Братья вдовы наняли в «Деревенском клубе бедняков» негритянский оркестр, чтобы тот возглавил похоронное шествие. Поскольку музыканты не знали никаких цыганских песен, они исполняли церковные гимны, а цыгане шагали по городу за гробом Эмиля Мазурского, рыдая и причитая. Водители тормозили у обочины, давая процессии пройти, а прохожие останавливались, снимали шляпы и в знак уважения и скорби прижимали их к груди. Вход на кладбище сторожили четверо цыган и впускали только соплеменников.

Рыжий Макгенри, сын цветочника, украсил символический «пустой стул», предназначавшийся для усопшего.

Он обвил ножки и подлокотники шелковыми лентами и усыпал стул гвоздиками и хризантемами. Все сошлись во мнении, что получилось очень красиво. У Рыжего определенно был настоящий талант к похоронному делу.

Один за другим цыгане подходили к гробу, прощаясь с Эмилем. Они принесли с собой поману, особое поминальное блюдо. Они пели, танцевали, ели и пили. Они бросали в гроб монетки и швыряли имущество Эмиля в огонь — вскоре костер разросся до того, что стал виден с другого берега реки. Наконец, опустив Эмиля в могилу, они спрыгнули на крышку гроба и стали танцевать на костях.

В ту ночь Шарлотте снилось, что она на кладбище и танцует с цыганами. Хлопая в ладоши и притопывая, они отплясывали вокруг костра.
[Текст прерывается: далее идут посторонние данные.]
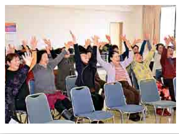
△みなさんイキイキと講座を受けていました

市内在住の60〜84歳の方が在籍していて人数も多いので、おぜいの方と接することができ、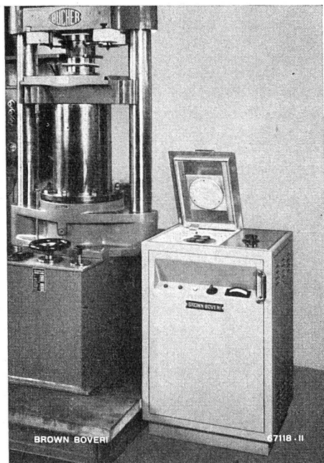
Mit diesem 1-kW-Hochfrequenz-Röhrengenerator wird das in der Kunststoff-Fabrikation verwendete Presspulver in kürzester Zeit durchwärmt und plastisch. Der anschliessende Pressprozess wird abgekürzt und die Produktion gesteigert.

mehreren Jahren mit Erfolg arbeitet, orientieren einige instructive Ausstellungsobjekte. Ein vielseitiges Spezialgebiet stellt z. B. die Herstellung von luft- und wassergekühlten Sende- und Spezialröhren dar; sie werden in werkeigene Rundfunksender für Mittel-, Kurz- oder Ultrakurzwellen, in Sender der kommerziellen Telegraphie, in HF-Röhrengeneratoren für industrielle Zwecke eingebaut und eignen sich auch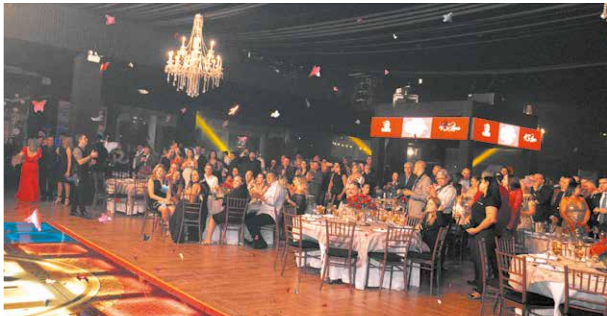
Convidados lotaram o salão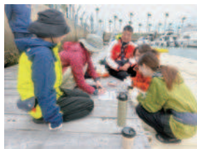
青空会議場！ 会議って部屋の中じゃなくても出来るもの。 自然の中だからリラックスして気軽に意見が言いあえるのかもしれない。

Давешняя цыганка-воровка тоже была там, волчий зуб подпрыгивал над вырезом ее блузки.

— Выпей, — сказала Мила и протянула Шарлотте бутылку.

Шарлотта запрокинула бутылку донышком вверх и пила залпом, пока цыганка не отобрала выпивку. Глаза Шарлотты закрылись, голова откинулась назад. Мила схватила ее за руку и потащила к костру.
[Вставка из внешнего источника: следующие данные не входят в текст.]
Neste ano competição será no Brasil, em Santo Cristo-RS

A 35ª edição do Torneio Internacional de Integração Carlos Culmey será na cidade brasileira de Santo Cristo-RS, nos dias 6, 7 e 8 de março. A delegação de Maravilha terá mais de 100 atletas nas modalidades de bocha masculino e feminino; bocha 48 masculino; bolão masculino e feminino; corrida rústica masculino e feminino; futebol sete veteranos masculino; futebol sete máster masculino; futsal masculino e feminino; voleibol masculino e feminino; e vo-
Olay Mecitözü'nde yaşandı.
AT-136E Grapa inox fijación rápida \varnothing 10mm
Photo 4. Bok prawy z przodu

— Вон, — сказала она, указывая на пламя, — вон он, мужчина, который завладеет тобой.

Не обращая внимания на пляшущих вокруг цыган, Шарлотта вглядывалась в огонь. Она различала в волнах жара колеблющийся силуэт, но не могла разглядеть лица. Она пыталась было подойти поближе, но языки полыхающего пламени всякий раз отгоняли ее.
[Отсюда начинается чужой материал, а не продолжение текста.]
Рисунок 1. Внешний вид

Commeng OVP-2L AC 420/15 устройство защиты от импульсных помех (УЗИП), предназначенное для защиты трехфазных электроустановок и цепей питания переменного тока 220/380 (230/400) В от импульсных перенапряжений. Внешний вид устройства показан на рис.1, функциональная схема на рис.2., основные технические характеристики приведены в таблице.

— Кинтала, — промолвила Мила. — Я сказала всё, что тебе нужно знать.

С этими словами цыганка запрокинула голову и расхохоталась.

*

На рассвете табор исчез. От костра остались одни угли, а могила Эмиля Мазурского была усыпана булавками, иглами и гвоздями. По периметру выстроились бутылки с отбитыми горлышками, а на могильном камне висели амулеты-трешулы — чтобы мятежный дух упокоился.

По утру у Шарлотты было самое дикое похмелье за всю жизнь. Она кое-как дотащилась до «Закусочной Дот» и только отмахнулась, когда хозяйка предложила ей обычную порцию яичницы с сосисками. Добравшись до конца барной стойки, Шарлотта взгромоздилась на высокий табурет и потерла виски, а Дот тем временем налила ей кофе.

— Интересно, что цыгане сделали с псиной? — спросил Бен Харрингтон.

— С какой псиной? — повар Вилли высунулся из кухонного окошка.

— С той, которую баба отравила вместе с мужем.

— Похоронили ее поверх гроба, — ответила Шарлотта со своего конца стойки.